**ASSIGNMENT**
From the data below, repeat everything exactly except the images.

**SUPPLIED INFORMATION**

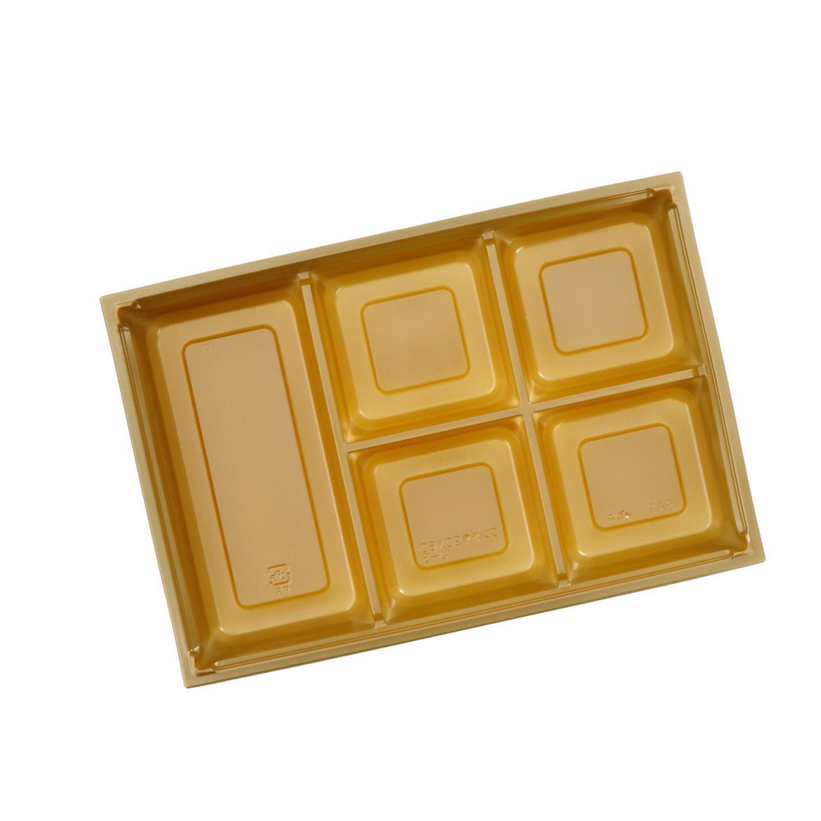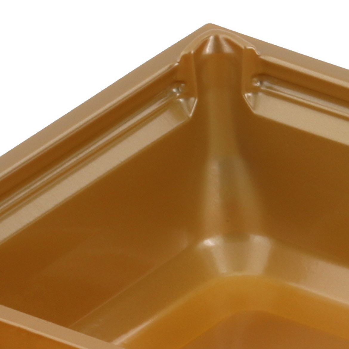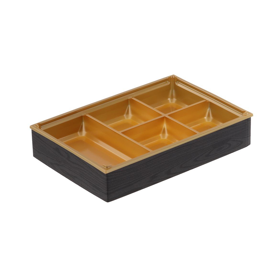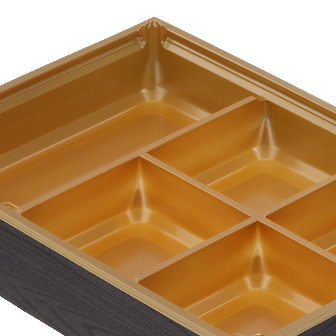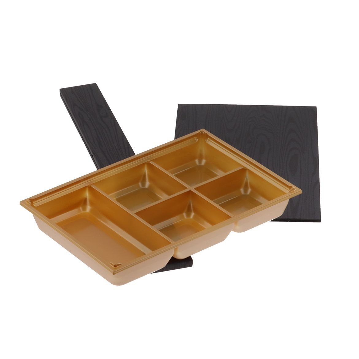 五分する仕切りが付いたトレーは内蔵されており、タレや汁が漏れにくい形状です。高級感のあるシックな外装で、オードブルやてまり寿司など一度に多くの種類を入れる際におすすめです。組み立て式のため在庫場所も抑えられます。
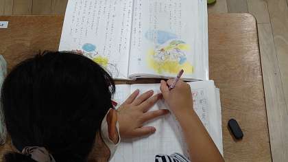 登場人物(主人公)であるえっちゃんときつねの出会う場面です。きつねと出会った時のえっちゃんの気持ちを文章から読み取っています。
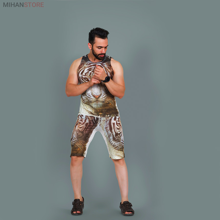 امروزه آقایان به دنبال لباس هایی راحت و در عین حال شیک و خوش استایل هستند که در منزل یا خارج از منزل هنگام مسافرت، باشگاه یا ... استفاده نمایند. ست رکابی و شلوارک مردانه Tiger در عین حال که بسیار متفاوت است، جزو فانتزی ترین ست ها می باشد و فوق العاده با کیفیت بوده و راحتی بی رقیب آن، این محصول را بی شک پوشاک محبوب شما خواهد کرد. این ست با جنس ریون درجه یک، سبک و خنک مناسب سایز (مناسب برای سایز های مدیوم و لارج) عرضه شده است.

**ANSWER BOX**
 五分する仕切りが付いたトレーは内蔵されており、タレや汁が漏れにくい形状です。高級感のあるシックな外装で、オードブルやてまり寿司など一度に多くの種類を入れる際におすすめです。組み立て式のため在庫場所も抑えられます。
 登場人物(主人公)であるえっちゃんときつねの出会う場面です。きつねと出会った時のえっちゃんの気持ちを文章から読み取っています。
 امروزه آقایان به دنبال لباس هایی راحت و در عین حال شیک و خوش استایل هستند که در منزل یا خارج از منزل هنگام مسافرت، باشگاه یا ... استفاده نمایند. ست رکابی و شلوارک مردانه Tiger در عین حال که بسیار متفاوت است، جزو فانتزی ترین ست ها می باشد و فوق العاده با کیفیت بوده و راحتی بی رقیب آن، این محصول را بی شک پوشاک محبوب شما خواهد کرد. این ست با جنس ریون درجه یک، سبک و خنک مناسب سایز (مناسب برای سایز های مدیوم و لارج) عرضه شده است.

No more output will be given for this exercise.